Respiratory Impairment Predicts Response to IL-1 and IL-6 Blockade in COVID-19 Patients With Severe Pneumonia and Hyper-Inflammation

Affiliations
Observational Study

Respiratory Impairment Predicts Response to IL-1 and IL-6 Blockade in COVID-19 Patients With Severe Pneumonia and Hyper-Inflammation

Emanuel Della-Torre et al. Front Immunol. .

Abstract

Background: Restraining maladaptive inflammation is considered a rationale strategy to treat severe coronavirus disease-19 (COVID-19) but available studies with selective inhibitors of pro-inflammatory cytokines have not provided unequivocal evidence of survival advantage. Late administration is commonly regarded as a major cause of treatment failure but the optimal timing for anti-cytokine therapy initiation in COVID-19 patients has never been clearly established.
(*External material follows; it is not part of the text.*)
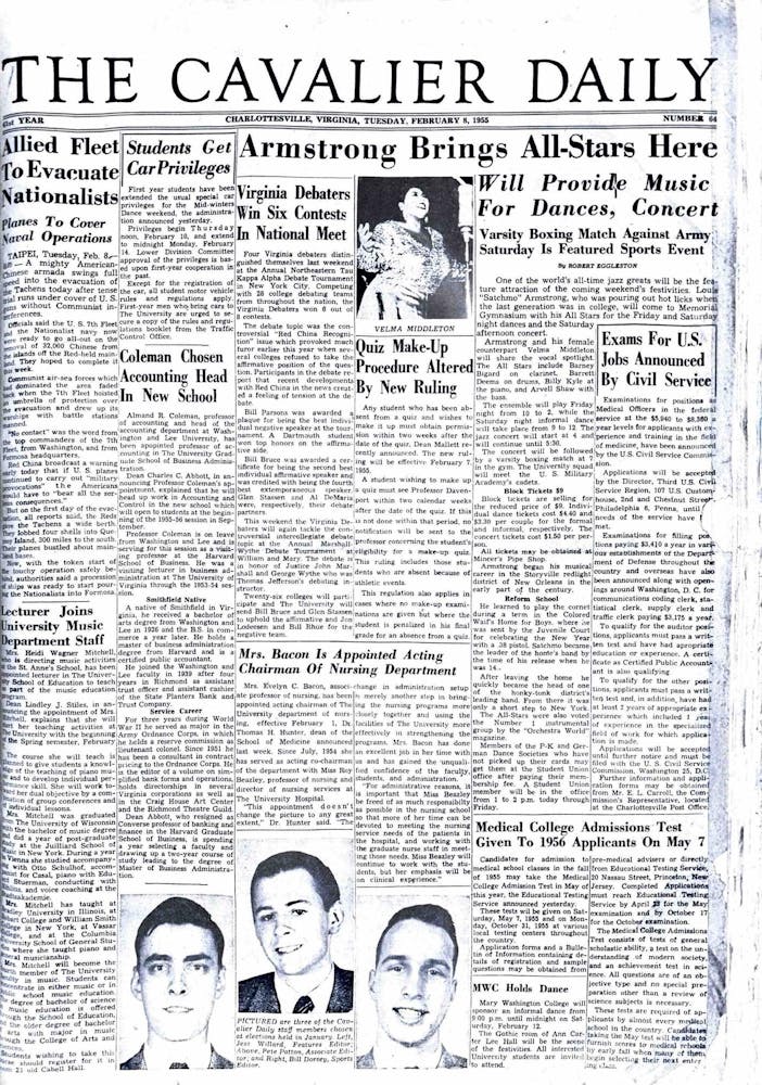 In 1955, Louis Armstrong was set to perform in Memorial Gymnasium for a weekend concert and dances alongside Velma Middleton and his All-Stars. Ranked first among instrumental groups by the magazine Orchestra World, Louis Armstrong and his All-Stars are “one of the world’s all-time jazz greats.”

Objectives: To identify a window of therapeutic opportunity for maximizing the efficacy of interleukin (IL)-1 and IL-6 blockade in COVID-19.

Methods: Survival at the longest available follow-up was assessed in severe hyper-inflamed COVID-19 patients treated with anakinra, tocilizumab, sarilumab, or standard of care, stratified according to respiratory impairment at the time of treatment initiation.
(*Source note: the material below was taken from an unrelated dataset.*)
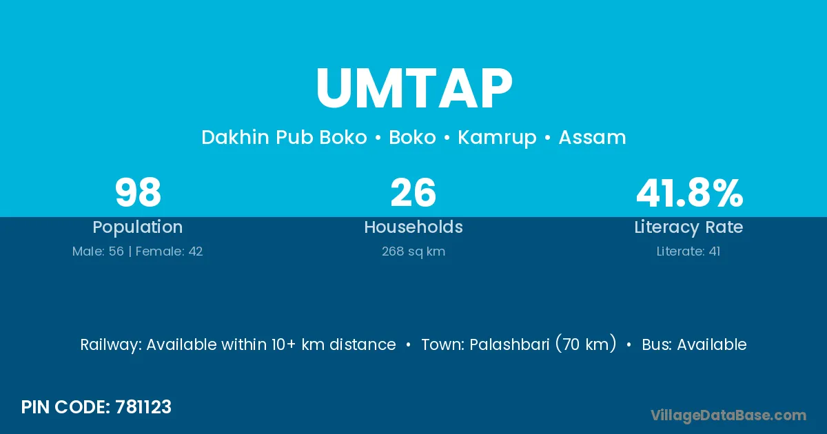 Palashbari (70 km) is the nearest town to Umtap village for major economic activities and is located approximately 70 km away.

Results: 107 patients treated with biologics and 103 contemporary patients treated with standard of care were studied. After a median of 106 days of follow-up (range 3-186), treatment with biologics was associated with a significantly higher survival rate compared to standard therapy when initiated in patients with a PaO2/FiO2 ≥ 100 mmHg (p < 0.001). Anakinra reduced mortality also in patients with PaO2/FiO2 < 100 mmHg (p = 0.04).

Conclusions: IL-1 and IL-6 blocking therapies are more likely to provide survival advantage in hyper-inflamed COVID-19 patients when initiated before the establishment of severe respiratory failure.

Keywords: COVID-19; SARS-CoV-2; anakinra; interleukin-1; interleukin-6; sarilumab; tocilizumab.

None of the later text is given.